Comparing Platforms for Teaching Online Music Lessons

This article about alternative platforms to Zoom for teaching online music lessons was written by Joanna Shiel. Joanna has 15 years of teaching experience under her belt. Since 2020, she’s taught exclusively online and runs her studio remotely. In her spare time, Joanna enjoys spending time in nature and taking long walks.

Frustrated with Zoom audio issues and trying to help students optimise their sound settings with every new update? If you teach music lessons online, Zoom’s not the only game out there.

Zoom seems to be the default voice-calling software these days. Sure, it’s a great program and a lot of effort has been made to make the platform friendlier for online music education, but it’s not for everybody.
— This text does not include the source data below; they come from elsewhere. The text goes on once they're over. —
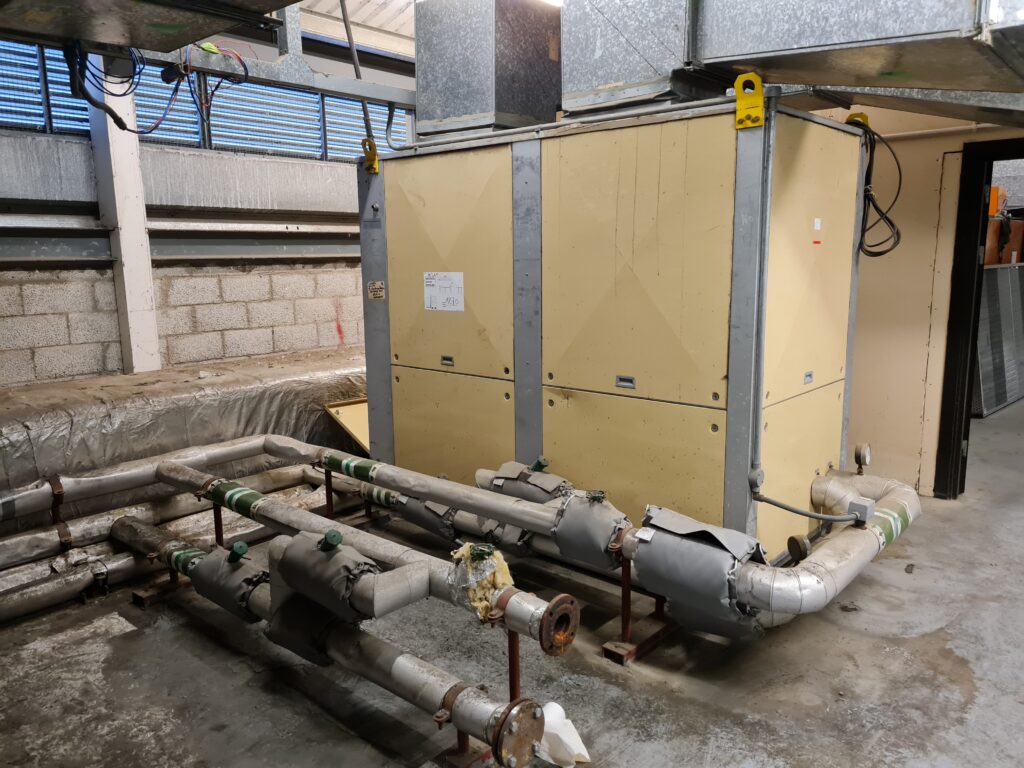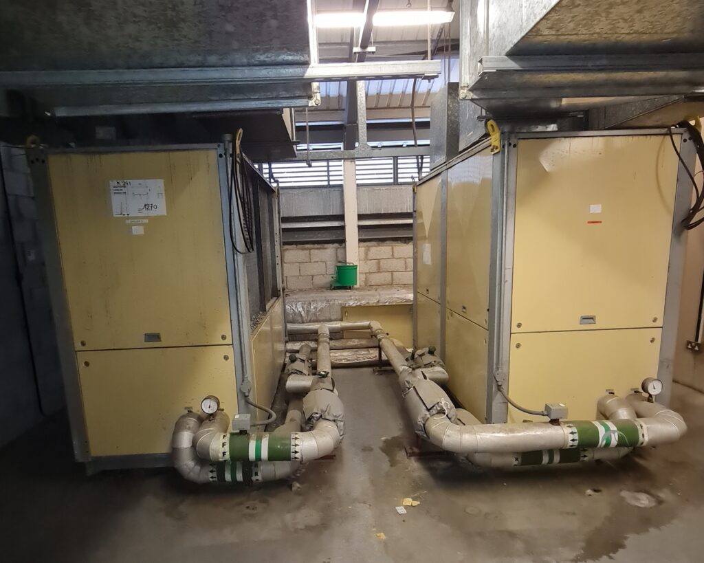 After reassembly, the system was recharged with refrigerant, tested and commissioned following the completion of pipefitting, fluid filling, electrical supplies, and ducting.
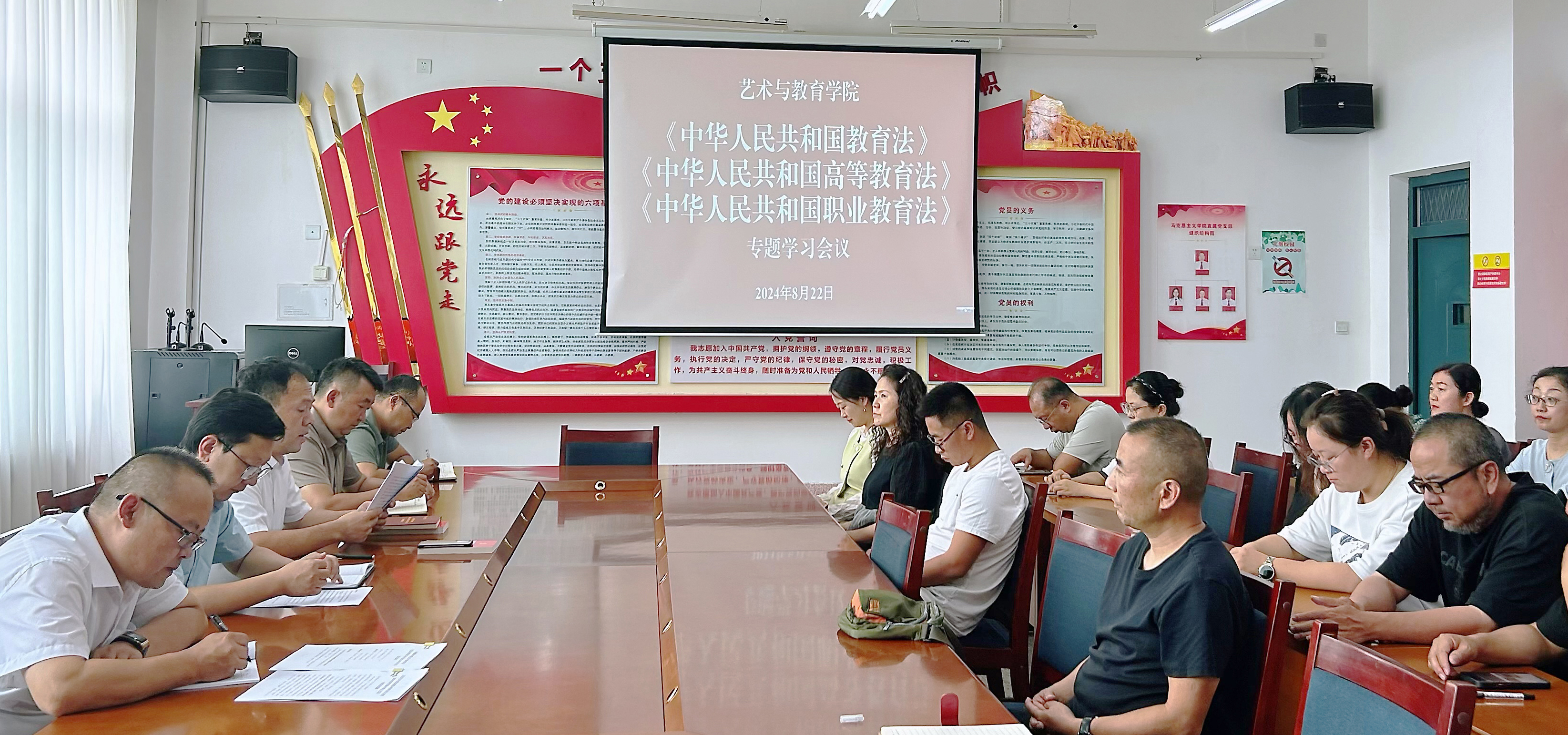 為進(jìn)一步提高教師的法律法規(guī)意識,加強(qiáng)教師的師德師風(fēng)建設(shè),轉(zhuǎn)變觀念、解放思想,樹立現(xiàn)代職業(yè)教育觀念,扎實推動教育教學(xué)工作高質(zhì)量發(fā)展,8月22日下午,藝術(shù)與教育學(xué)院組織全體教職工專題學(xué)習(xí)《中華人民共和國教育法》《中華人民共和國高等教育法》《中華人民共和國職業(yè)教育法》等教育相關(guān)法律法規(guī)及政策文件。會議由黨總支書記王政主持。
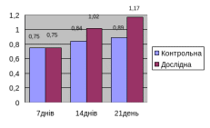 Показник КПК (рис. 3.3.4) у поросят дослідної групи почав підвищуватися на 14-й день дослідження і його показник становив 1,02. Він значно підвищився на 21-й день порівняно з контрольною групою на 0,28.
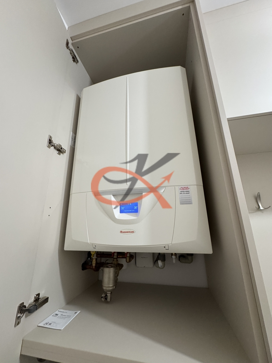 Byt disponuje podlahovým vytápěním, které zajišťuje příjemnou tepelnou pohodu po celý rok. V koupelně ještě navíc topný žebřík.
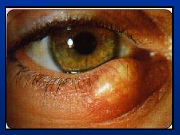 Tratamiento: n n Fomentos tibios tres veces al día por 10 minutos Ungüento antibiótico con masaje ocular Tetraciclina sistémica: en casos de chalazión recurrentes ( Rosácea y Dermatitis seborreica) Tratamiento Quirúrgico.
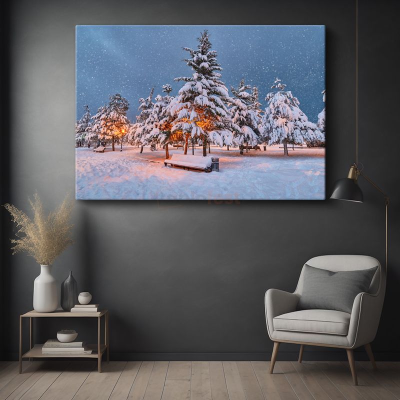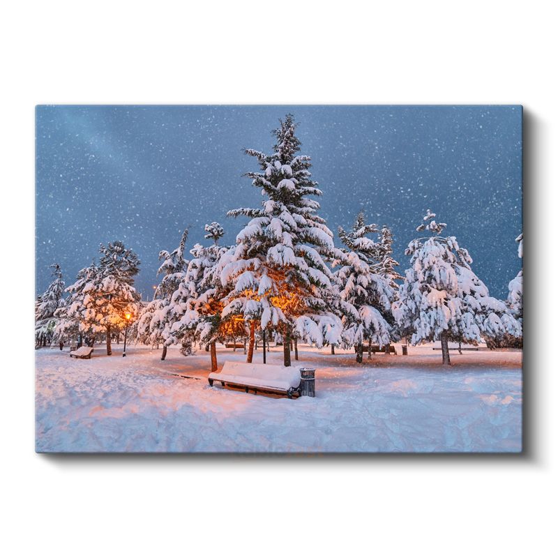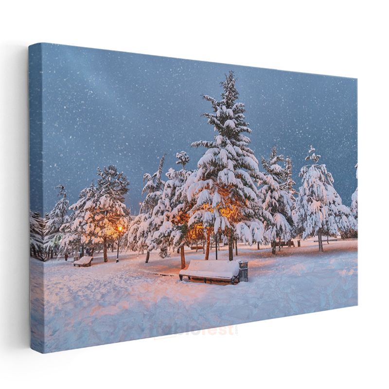 Karlı Çamlar - Kış Mevsimi Işıklı Orman Kanvas Tablo
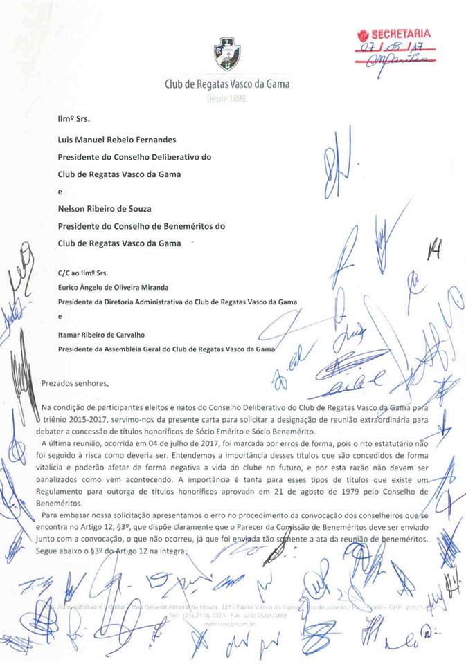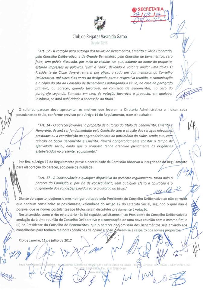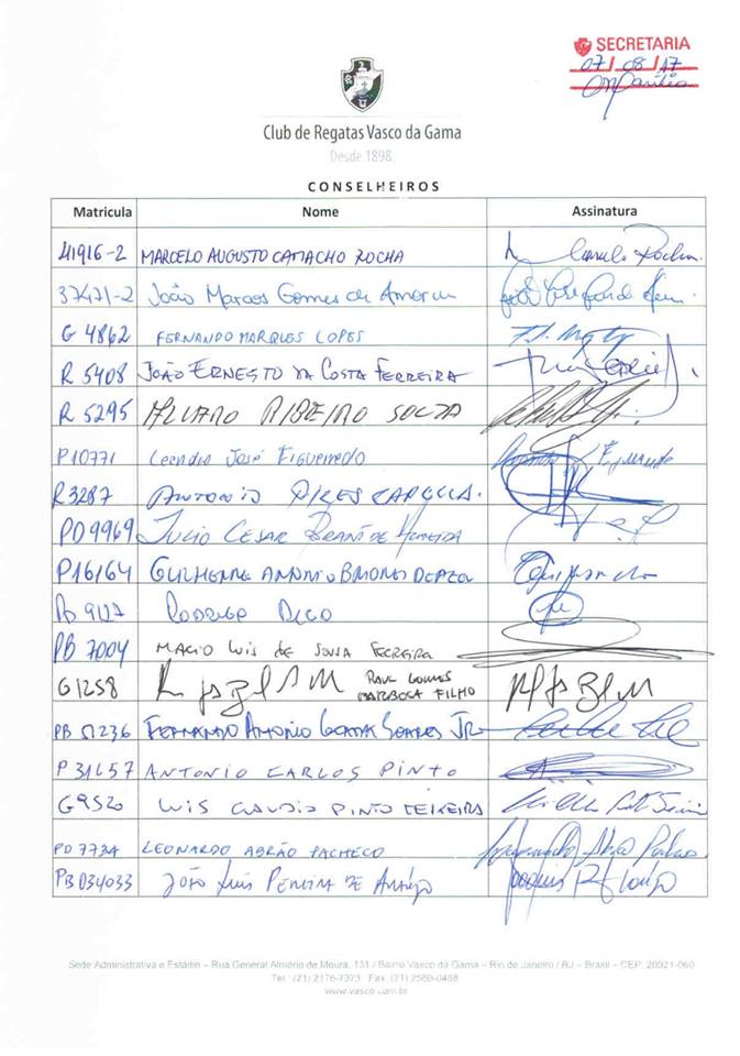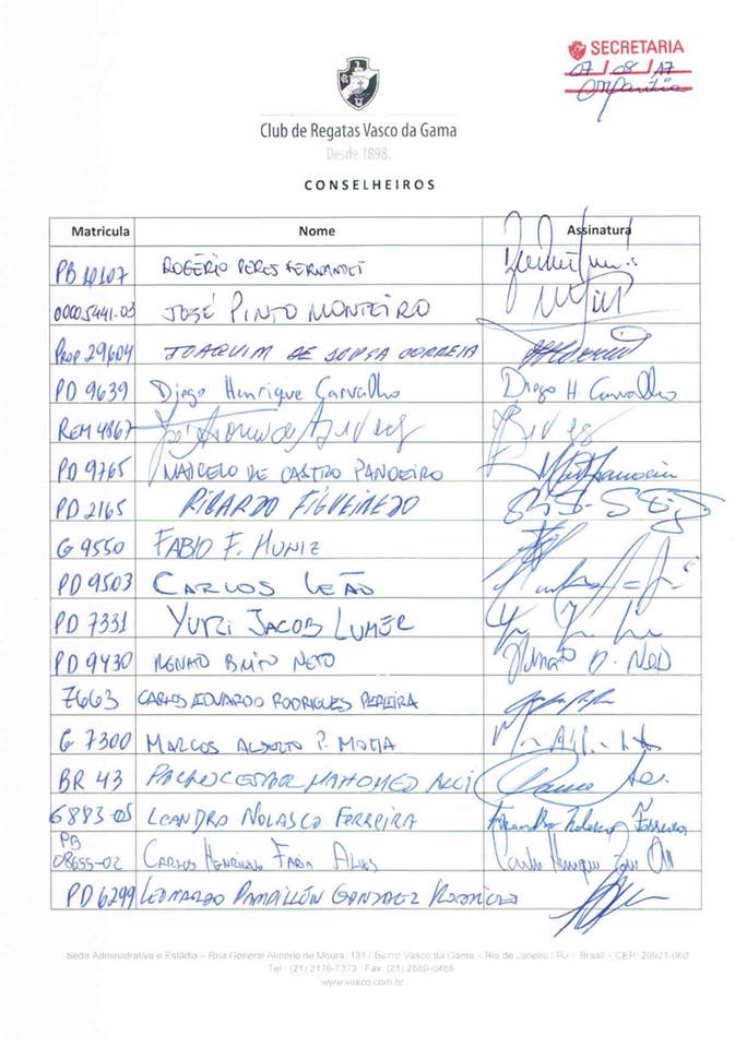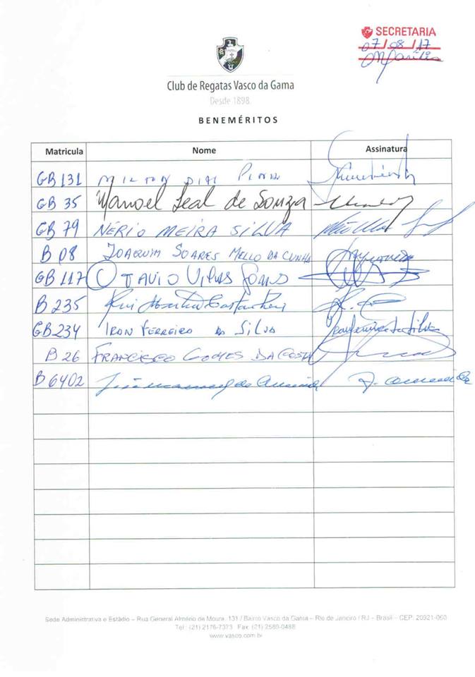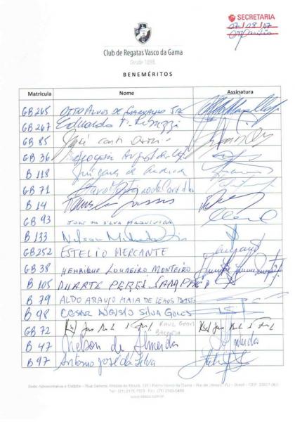 Parabenizamos todos os grupos de oposição por este trabalho em conjunto tendo sido liderado pelo Grande Benemérito Otto Carvalho. Nosso agradecimento em especial aos conselheiros e beneméritos que assinaram a lista.

Here are some top alternative platforms out there if you want to give another application a try for teaching online music lessons.

If you’re in a hurry, click here to jump straight to the side-by-side comparison.


RockOutLoud.Live was developed and launched in 2020 as a dedicated online platform specifically for music educators and students, with great sound being the priority.


There are many great things to say about RockOutLoud.Live, but my top reasons to like this platform are:

  • Easy setup. Just log in, and you’re pretty much ready to teach! 
  • The support is top-notch, with tutorial videos and a comprehensive user guide for students and parents. You can even request a live demo.
  • Playing duets is actually possible! (with a few caveats)

Pro Tip: Members of Vibrant Music Teaching get 30% off the first three months of RockOutLoud.Live with the member’s discount code. Not a member? You’re missing out on loads of discounts! Learn more and join today at vibrantmusicteaching.com.


As with any app or software, RockOutLoud.Live is not perfect. Here’s what I don’t like about it:

  • The design feels clunky and not as smooth as Zoom. My computer doesn’t seem to switch programs well or run as smoothly when I’m using the software.
  • You’ll have to create your own game tokens for screen games, as there isn’t a stamp function in the screen share space.
  • While duets are possible with two players, your student has to be prepared with headphones and a good internet connection.

Is RockOutLoud.Live for you?

If you’re a guitar or piano teacher looking for high quality sound and are a bit fed up with having to remind students to change their Zoom audio settings in every lesson, this platform might just be the perfect solution.

If you’re already familiar with Zoom, however, and you struggle with adjusting to new technology or don’t have the time to learn about a new program, you might be better off sticking with Zoom for now.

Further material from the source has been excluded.